→ RECORDS TO PROCESS:

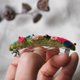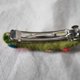 这款发夹使用了缤纷的绣线,充满乐趣。 部分区域以刺绣包裹着镜面,光线折射下闪烁着美丽的光芒。 内部填充了棉,因此呈现出像照片中一样的立体感。 尺寸:8cm (发夹五金7cm) 厚度1cm 材质:毛毡 镜子 黄铜 羊毛 棉
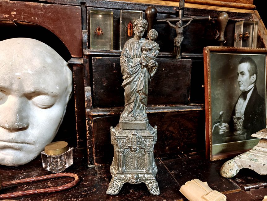Alkuperä: Eurooppa Valmistusajankohta: 1800-1900-luvun taite Koko: Korkeus 24 cm, jalusta 8 x 8 cm Materiaali: Valumetalli / tina Signeeraus: Kyllä, ”A.F.” Kunto: Hyvä; pinnoissa kaunis patina, ajanmukaista kulumaa, yksityiskohdat selvästi säilyneet Muuta: Tämä noin 100 vuotta vanha uskonnollinen veistos esittää pyhää Joosefia, Kristuksen maallista isää, joka kantaa Jeesus-lasta sylissään. Patsas on valmistettu valumetallisesta ja sen jalusta on koristeltu goottilaisilla kohokuvioilla, …
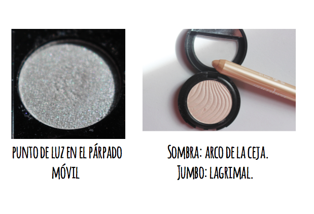 Para iluminar escogí un color plateado en el centro del párpado móvil, un tono champán muy sutil en el arco de la ceja y un tono dorado para el lagrimal.
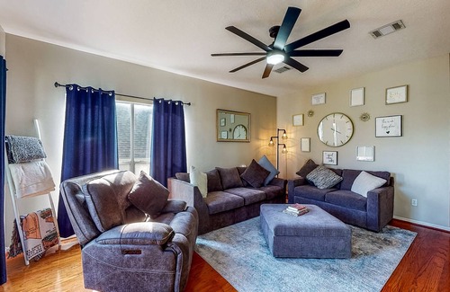 Inside, a welcoming open floor plan provides plenty of space to spend time together. Unwind into vacation mode and watch a movie in the living area, and prepare favorite recipes in the fully equipped kitchen. Large windows in the dining area create a sunny spot to enjoy home-cooked meals together.
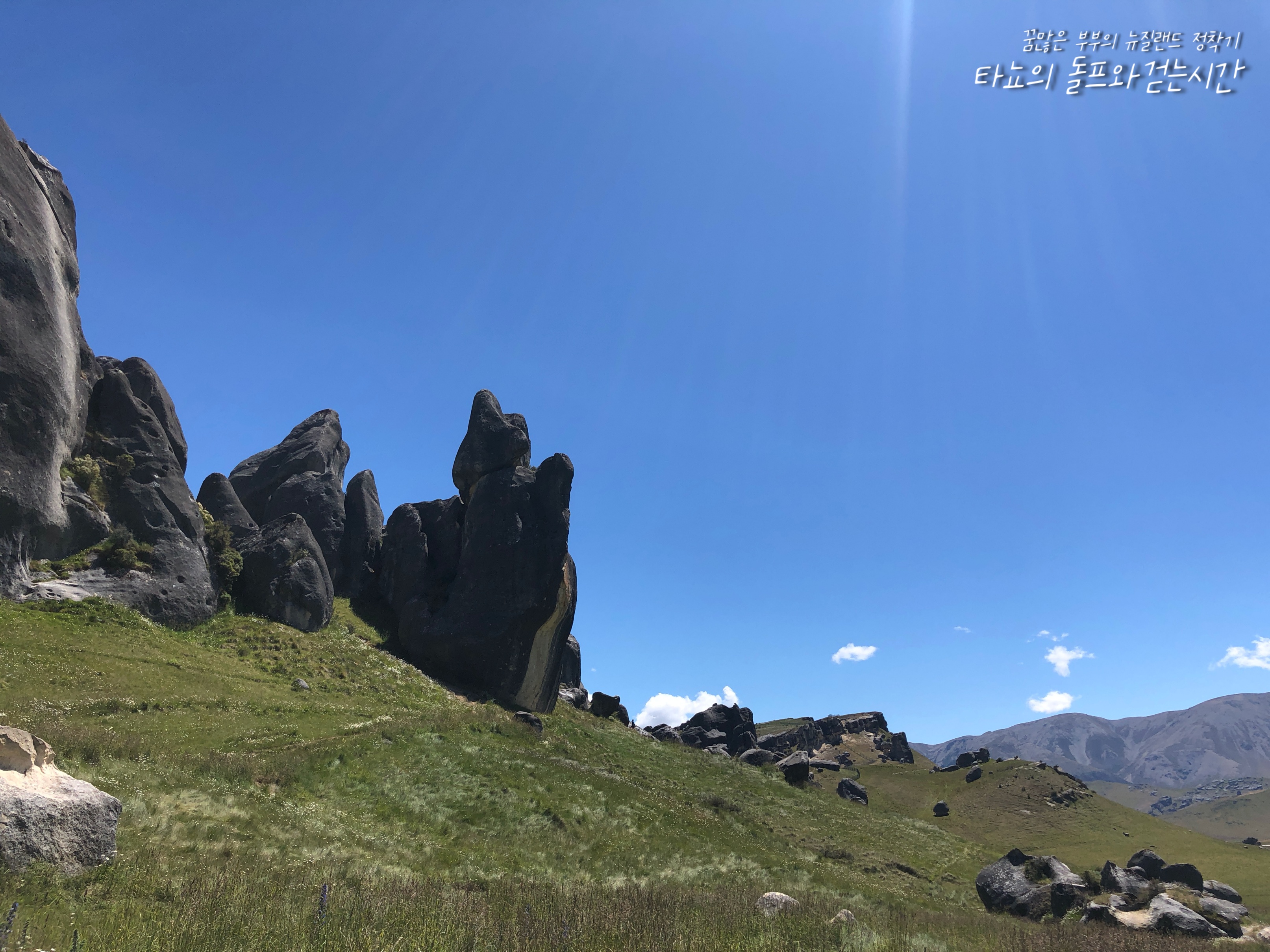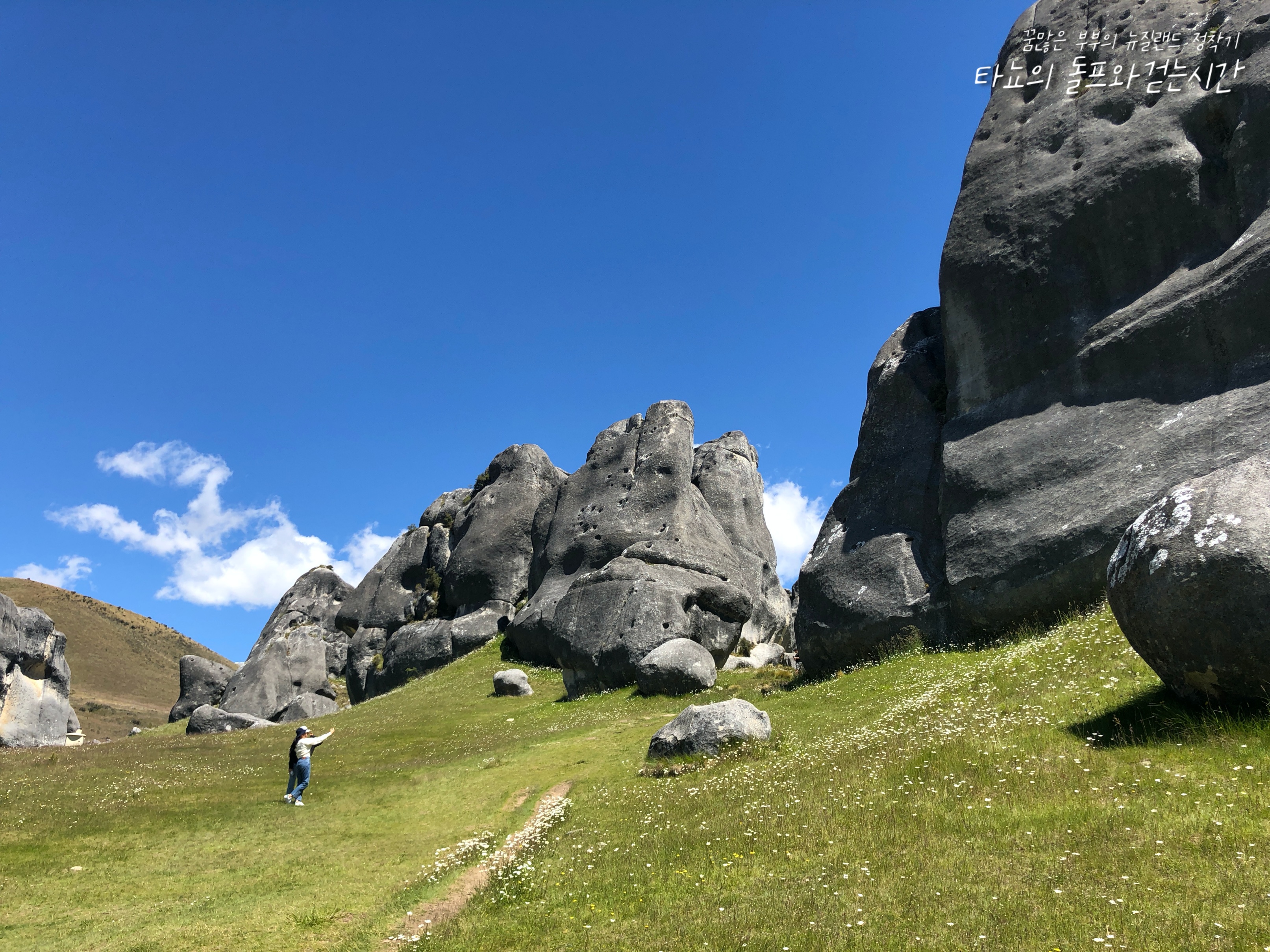 저는 뉴질랜드의 남섬에서 가장 큰 도시인 '크라이스트처치(Christchurch)'에 살고 있는 조이입니다. 오늘 제가 사진으로 소개할 나들이 장소는 크라이스트처치에서 자동차로 1시간 거리에 위치한 '캐슬힐(Castle Hill)'입니다. 보통 치치에서 아서스패스 국립공원이나 마운트 헛으로 이동하는 분들이 많은데요. 같은 경로에 있는 캐슬힐은 그냥 지나가는 분들이 많습니다. 하지만 진짜 아름다운 곳은 이곳이랍니다.

→ ACTIVITY: Return all the data above as written, leaving out only the pictures.

→ RESULT OF THIS EXERCISE:
 这款发夹使用了缤纷的绣线,充满乐趣。 部分区域以刺绣包裹着镜面,光线折射下闪烁着美丽的光芒。 内部填充了棉,因此呈现出像照片中一样的立体感。 尺寸:8cm (发夹五金7cm) 厚度1cm 材质:毛毡 镜子 黄铜 羊毛 棉
Alkuperä: Eurooppa Valmistusajankohta: 1800-1900-luvun taite Koko: Korkeus 24 cm, jalusta 8 x 8 cm Materiaali: Valumetalli / tina Signeeraus: Kyllä, ”A.F.” Kunto: Hyvä; pinnoissa kaunis patina, ajanmukaista kulumaa, yksityiskohdat selvästi säilyneet Muuta: Tämä noin 100 vuotta vanha uskonnollinen veistos esittää pyhää Joosefia, Kristuksen maallista isää, joka kantaa Jeesus-lasta sylissään. Patsas on valmistettu valumetallisesta ja sen jalusta on koristeltu goottilaisilla kohokuvioilla, …
 Para iluminar escogí un color plateado en el centro del párpado móvil, un tono champán muy sutil en el arco de la ceja y un tono dorado para el lagrimal.
 Inside, a welcoming open floor plan provides plenty of space to spend time together. Unwind into vacation mode and watch a movie in the living area, and prepare favorite recipes in the fully equipped kitchen. Large windows in the dining area create a sunny spot to enjoy home-cooked meals together.
 저는 뉴질랜드의 남섬에서 가장 큰 도시인 '크라이스트처치(Christchurch)'에 살고 있는 조이입니다. 오늘 제가 사진으로 소개할 나들이 장소는 크라이스트처치에서 자동차로 1시간 거리에 위치한 '캐슬힐(Castle Hill)'입니다. 보통 치치에서 아서스패스 국립공원이나 마운트 헛으로 이동하는 분들이 많은데요. 같은 경로에 있는 캐슬힐은 그냥 지나가는 분들이 많습니다. 하지만 진짜 아름다운 곳은 이곳이랍니다.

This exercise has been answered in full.